Name NLOperatorCompactBoundaries
Section Execution::Optimization
Type logical
Default no
(Experimental) When set to yes, for finite systems Octopus will
map boundary points for finite-differences operators to a few
memory locations. This increases performance, however it is
experimental and has not been thoroughly tested.
Name OperateAccel
Section Execution::Optimization
Type integer
Default map
This variable selects the subroutine used to apply non-local
operators over the grid when an accelerator device is used.
Options:
- invmap:
The standard implementation ported to OpenCL.
- map:
A different version, more suitable for GPUs.
Name OperateComplex
Section Execution::Optimization
Type integer
Default optimized
This variable selects the subroutine used to apply non-local
operators over the grid for complex functions.
Options:
- fortran:
The standard Fortran function.
- optimized:
This version is optimized using vector primitives (if available).
Name OperateComplexSingle
Section Execution::Optimization
Type integer
Default optimized
This variable selects the subroutine used to apply non-local
operators over the grid for single-precision complex functions.
Options:
- fortran:
The standard Fortran function.
- optimized:
This version is optimized using vector primitives (if available).
Name OperateDouble
Section Execution::Optimization
Type integer
Default optimized
This variable selects the subroutine used to apply non-local
operators over the grid for real functions.
Options:
- fortran:
The standard Fortran function.
- optimized:
This version is optimized using vector primitives (if available).
Name OperateSingle
Section Execution::Optimization
Type integer
Default optimized
This variable selects the subroutine used to apply non-local
operators over the grid for single-precision real functions.
Options:
- fortran:
The standard Fortran function.
- optimized:
This version is optimized using vector primitives (if available).
Name ProfilingAllNodes
Section Execution::Optimization
Type logical
Default no
This variable controls whether all nodes print the time
profiling output. If set to no, the default, only the root node
will write the profile. If set to yes, all nodes will print it.
Name ProfilingMode
Section Execution::Optimization
Type integer
Default no
Use this variable to run Octopus in profiling mode. In this mode
Octopus records the time spent in certain areas of the code and
the number of times this code is executed. These numbers
are written in ./profiling.NNN/profiling.nnn with nnn being the
node number (000 in serial) and NNN the number of processors.

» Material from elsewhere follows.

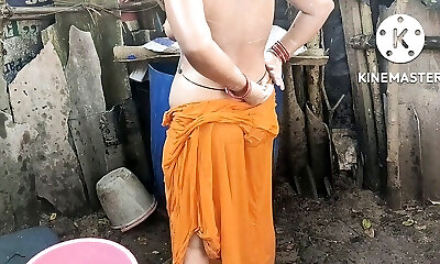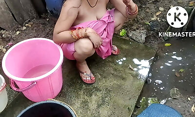 Indian mansion wife bathing outside

This is mainly for development purposes. Note, however, that
Octopus should be compiled with –disable-debug to do proper
profiling. Warning: you may encounter strange results with OpenMP.
Options:
- no:
No profiling information is generated.
- prof_time:
Profile the time spent in defined profiling regions.
- prof_memory:
As well as the time, summary information on memory usage and the largest arrays are reported.
- prof_memory_full:
As well as the time and summary memory information, a
log is reported of every allocation and deallocation.
- likwid:
Enable instrumentation using LIKWID.
- prof_io:
Count the number of file open and close.
Name ProfilingOutputTree
Section Execution::Optimization
Type logical
Default yes
This variable controls whether the profiling output is additionally
written as a tree.
Name ProfilingOutputYAML
Section Execution::Optimization
Type logical
Default no
This variable controls whether the profiling output is additionally
written to a YAML file.
Name StatesBlockSize
Section Execution::Optimization
Type integer
Some routines work over blocks of eigenfunctions, which
generally improves performance at the expense of increased
memory consumption. This variable selects the size of the
blocks to be used. If GPUs are used, the default is 32;
otherwise it is 4.
Name StatesCLDeviceMemory
Section Execution::Optimization
Type float
Default -512
This variable selects the amount of OpenCL device memory that
will be used by Octopus to store the states.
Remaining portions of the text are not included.